What to work on: Return all the data below as it stands, minus the pictures.

Raw data:
■ ■ ■
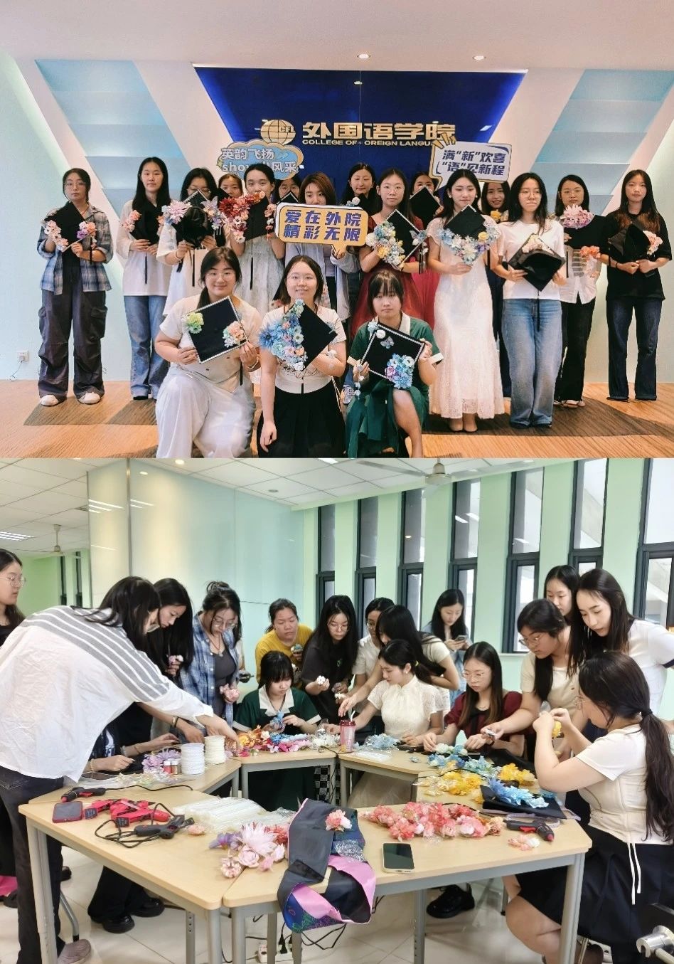 6月12日,洞洞杂货店 开展“簪花缀梦・锦绣前程”毕业季非遗体验活动,2021级本科毕业班学生积极参与了本次毕业季活动。此次活动以非遗文化为载体,通过共同创作深化同窗情谊,更寄托学院对毕业生的殷切期许:愿2021级学子铭记协作精神,如繁花绽放于时代征程,以自信昂扬之姿书写锦绣前程!
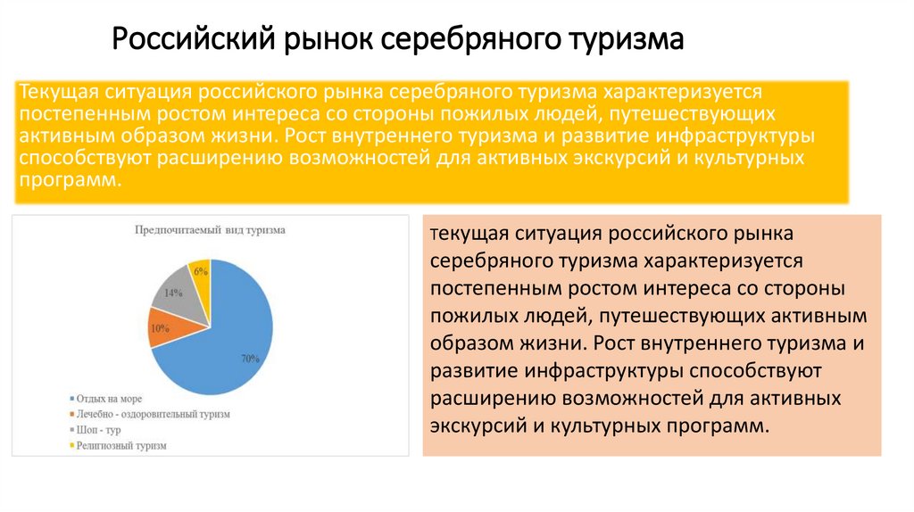 Российский рынок серебряного туризмаТекущая ситуация российского рынка серебряного туризма характеризуется
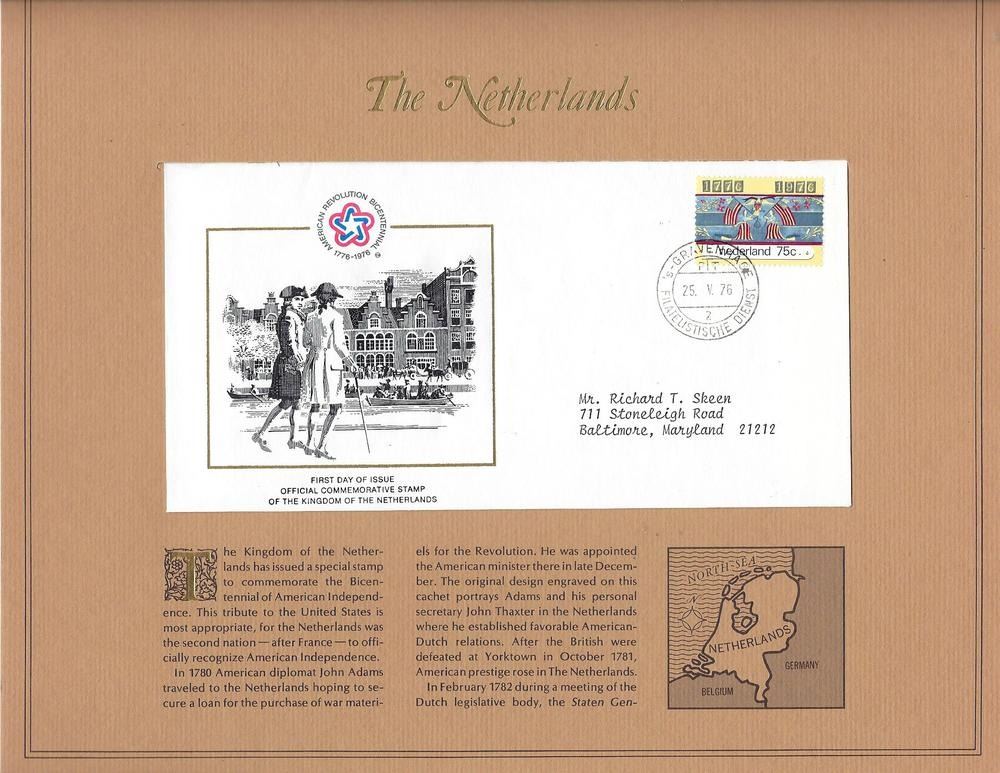 The Netherlands - American Bicentennial Commemorative FDC - 25.V.76 - The Netherlands has commemorated the Bicentennial of American Independence with the issuing of a Special Commemorative Stamp on a Limited Edition First Day Cover
■ ■ ■
Output of the task:
 6月12日,洞洞杂货店 开展“簪花缀梦・锦绣前程”毕业季非遗体验活动,2021级本科毕业班学生积极参与了本次毕业季活动。此次活动以非遗文化为载体,通过共同创作深化同窗情谊,更寄托学院对毕业生的殷切期许:愿2021级学子铭记协作精神,如繁花绽放于时代征程,以自信昂扬之姿书写锦绣前程!
 Российский рынок серебряного туризмаТекущая ситуация российского рынка серебряного туризма характеризуется
 The Netherlands - American Bicentennial Commemorative FDC - 25.V.76 - The Netherlands has commemorated the Bicentennial of American Independence with the issuing of a Special Commemorative Stamp on a Limited Edition First Day Cover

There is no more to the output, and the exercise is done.